Records from a data collection:
- Opening Delimiter -

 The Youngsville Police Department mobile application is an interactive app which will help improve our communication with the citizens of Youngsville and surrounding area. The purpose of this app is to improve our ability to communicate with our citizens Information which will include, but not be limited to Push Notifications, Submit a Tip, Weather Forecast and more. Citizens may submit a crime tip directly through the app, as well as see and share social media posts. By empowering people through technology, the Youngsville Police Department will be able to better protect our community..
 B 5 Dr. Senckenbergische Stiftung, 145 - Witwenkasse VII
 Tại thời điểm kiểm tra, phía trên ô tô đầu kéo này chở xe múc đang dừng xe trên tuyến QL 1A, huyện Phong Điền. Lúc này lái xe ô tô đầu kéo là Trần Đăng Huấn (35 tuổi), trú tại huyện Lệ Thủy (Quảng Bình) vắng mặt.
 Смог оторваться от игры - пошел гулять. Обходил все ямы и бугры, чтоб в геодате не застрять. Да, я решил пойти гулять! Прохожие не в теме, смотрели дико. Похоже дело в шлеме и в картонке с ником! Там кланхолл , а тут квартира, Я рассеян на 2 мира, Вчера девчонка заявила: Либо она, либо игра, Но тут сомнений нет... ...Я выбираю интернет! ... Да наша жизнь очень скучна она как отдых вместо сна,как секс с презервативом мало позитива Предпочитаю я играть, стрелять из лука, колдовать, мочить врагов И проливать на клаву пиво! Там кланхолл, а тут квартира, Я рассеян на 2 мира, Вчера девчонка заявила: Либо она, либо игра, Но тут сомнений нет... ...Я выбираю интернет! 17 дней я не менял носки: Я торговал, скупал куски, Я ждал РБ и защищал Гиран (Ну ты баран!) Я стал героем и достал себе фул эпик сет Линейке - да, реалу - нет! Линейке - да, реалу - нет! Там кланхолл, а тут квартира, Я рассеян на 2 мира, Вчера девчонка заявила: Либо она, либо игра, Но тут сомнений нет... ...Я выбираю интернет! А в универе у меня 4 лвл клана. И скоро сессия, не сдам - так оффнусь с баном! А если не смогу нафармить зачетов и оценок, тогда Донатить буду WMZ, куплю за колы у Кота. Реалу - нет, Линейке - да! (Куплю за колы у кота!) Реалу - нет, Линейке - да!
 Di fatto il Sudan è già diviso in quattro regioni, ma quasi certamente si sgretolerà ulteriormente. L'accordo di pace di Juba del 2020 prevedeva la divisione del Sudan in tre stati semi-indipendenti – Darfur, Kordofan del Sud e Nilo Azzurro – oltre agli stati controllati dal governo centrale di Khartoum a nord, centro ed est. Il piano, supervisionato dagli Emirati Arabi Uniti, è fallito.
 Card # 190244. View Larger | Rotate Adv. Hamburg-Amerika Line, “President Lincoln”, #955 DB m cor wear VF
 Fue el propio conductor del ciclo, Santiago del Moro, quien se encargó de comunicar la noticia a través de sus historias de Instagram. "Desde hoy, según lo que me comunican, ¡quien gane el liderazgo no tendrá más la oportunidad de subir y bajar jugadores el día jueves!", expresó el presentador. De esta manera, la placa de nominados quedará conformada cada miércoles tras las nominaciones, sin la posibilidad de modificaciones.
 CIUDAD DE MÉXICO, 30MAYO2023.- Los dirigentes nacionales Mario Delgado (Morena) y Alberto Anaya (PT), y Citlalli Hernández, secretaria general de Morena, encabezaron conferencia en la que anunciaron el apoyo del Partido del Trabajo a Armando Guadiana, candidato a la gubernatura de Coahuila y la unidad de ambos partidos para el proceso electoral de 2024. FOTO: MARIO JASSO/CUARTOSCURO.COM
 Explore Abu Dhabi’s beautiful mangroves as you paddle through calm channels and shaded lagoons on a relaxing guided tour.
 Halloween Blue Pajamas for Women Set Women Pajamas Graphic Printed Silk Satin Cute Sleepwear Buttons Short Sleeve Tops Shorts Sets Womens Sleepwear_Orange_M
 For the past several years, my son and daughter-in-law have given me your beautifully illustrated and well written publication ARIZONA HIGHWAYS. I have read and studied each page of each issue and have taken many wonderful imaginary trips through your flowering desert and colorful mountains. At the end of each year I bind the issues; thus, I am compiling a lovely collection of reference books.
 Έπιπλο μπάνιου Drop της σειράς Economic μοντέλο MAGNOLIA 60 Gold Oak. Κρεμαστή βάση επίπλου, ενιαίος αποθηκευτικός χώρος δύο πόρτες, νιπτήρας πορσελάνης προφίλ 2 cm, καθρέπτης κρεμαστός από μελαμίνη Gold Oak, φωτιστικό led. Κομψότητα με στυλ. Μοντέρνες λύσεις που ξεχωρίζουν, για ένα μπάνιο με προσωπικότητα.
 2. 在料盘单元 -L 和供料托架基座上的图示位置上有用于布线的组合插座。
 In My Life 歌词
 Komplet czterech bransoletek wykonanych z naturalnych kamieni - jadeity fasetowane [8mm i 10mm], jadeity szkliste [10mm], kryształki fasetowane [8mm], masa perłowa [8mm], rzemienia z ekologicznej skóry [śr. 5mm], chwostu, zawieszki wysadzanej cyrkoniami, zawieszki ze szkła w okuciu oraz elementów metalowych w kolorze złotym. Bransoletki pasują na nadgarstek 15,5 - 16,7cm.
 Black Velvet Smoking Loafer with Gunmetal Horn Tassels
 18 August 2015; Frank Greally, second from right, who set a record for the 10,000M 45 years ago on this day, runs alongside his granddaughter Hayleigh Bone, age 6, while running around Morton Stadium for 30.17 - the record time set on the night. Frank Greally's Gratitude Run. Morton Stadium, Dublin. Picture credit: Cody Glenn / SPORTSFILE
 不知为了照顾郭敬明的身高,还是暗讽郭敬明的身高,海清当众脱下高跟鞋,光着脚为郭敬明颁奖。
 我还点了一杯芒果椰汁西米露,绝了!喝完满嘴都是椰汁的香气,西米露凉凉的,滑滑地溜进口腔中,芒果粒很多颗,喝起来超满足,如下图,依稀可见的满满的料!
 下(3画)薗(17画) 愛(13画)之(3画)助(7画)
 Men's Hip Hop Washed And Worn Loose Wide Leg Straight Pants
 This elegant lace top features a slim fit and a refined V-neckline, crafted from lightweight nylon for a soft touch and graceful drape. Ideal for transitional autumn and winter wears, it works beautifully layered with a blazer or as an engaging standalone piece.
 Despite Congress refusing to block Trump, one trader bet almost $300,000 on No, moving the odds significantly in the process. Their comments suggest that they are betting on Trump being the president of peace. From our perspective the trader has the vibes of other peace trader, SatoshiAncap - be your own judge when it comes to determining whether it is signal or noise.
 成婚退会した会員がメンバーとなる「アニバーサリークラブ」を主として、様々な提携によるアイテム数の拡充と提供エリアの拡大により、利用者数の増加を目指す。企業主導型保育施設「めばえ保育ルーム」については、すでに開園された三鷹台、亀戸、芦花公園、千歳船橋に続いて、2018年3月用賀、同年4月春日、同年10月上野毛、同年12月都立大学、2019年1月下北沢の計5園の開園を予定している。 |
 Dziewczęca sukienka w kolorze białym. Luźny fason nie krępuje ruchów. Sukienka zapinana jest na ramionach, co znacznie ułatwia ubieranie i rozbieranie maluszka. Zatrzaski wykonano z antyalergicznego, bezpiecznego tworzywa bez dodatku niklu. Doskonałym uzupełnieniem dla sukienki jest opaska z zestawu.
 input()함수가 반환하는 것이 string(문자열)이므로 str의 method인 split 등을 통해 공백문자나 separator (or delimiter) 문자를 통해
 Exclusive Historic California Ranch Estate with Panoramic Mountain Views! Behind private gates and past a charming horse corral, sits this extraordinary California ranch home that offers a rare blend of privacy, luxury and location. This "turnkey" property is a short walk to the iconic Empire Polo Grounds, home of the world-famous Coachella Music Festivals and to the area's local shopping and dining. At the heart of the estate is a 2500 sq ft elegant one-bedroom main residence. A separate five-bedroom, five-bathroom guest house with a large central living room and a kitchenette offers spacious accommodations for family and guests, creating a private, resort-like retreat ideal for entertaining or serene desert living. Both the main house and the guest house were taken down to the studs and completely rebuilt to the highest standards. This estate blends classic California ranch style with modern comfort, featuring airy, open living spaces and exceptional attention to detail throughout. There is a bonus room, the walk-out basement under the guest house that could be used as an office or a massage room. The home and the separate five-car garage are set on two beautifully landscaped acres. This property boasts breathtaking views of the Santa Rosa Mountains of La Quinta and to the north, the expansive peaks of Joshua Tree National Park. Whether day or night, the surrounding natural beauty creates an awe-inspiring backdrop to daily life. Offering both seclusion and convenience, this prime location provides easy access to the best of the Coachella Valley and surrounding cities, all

- Closing Delimiter -

TASK ITEM:
Your task is to retype the entries verbatim, starting with the line that holds "B 5 Dr. Senckenbergische" and stopping after the line that holds "Tại thời điểm".

EXERCISE ANSWER:
 B 5 Dr. Senckenbergische Stiftung, 145 - Witwenkasse VII
 Tại thời điểm kiểm tra, phía trên ô tô đầu kéo này chở xe múc đang dừng xe trên tuyến QL 1A, huyện Phong Điền. Lúc này lái xe ô tô đầu kéo là Trần Đăng Huấn (35 tuổi), trú tại huyện Lệ Thủy (Quảng Bình) vắng mặt.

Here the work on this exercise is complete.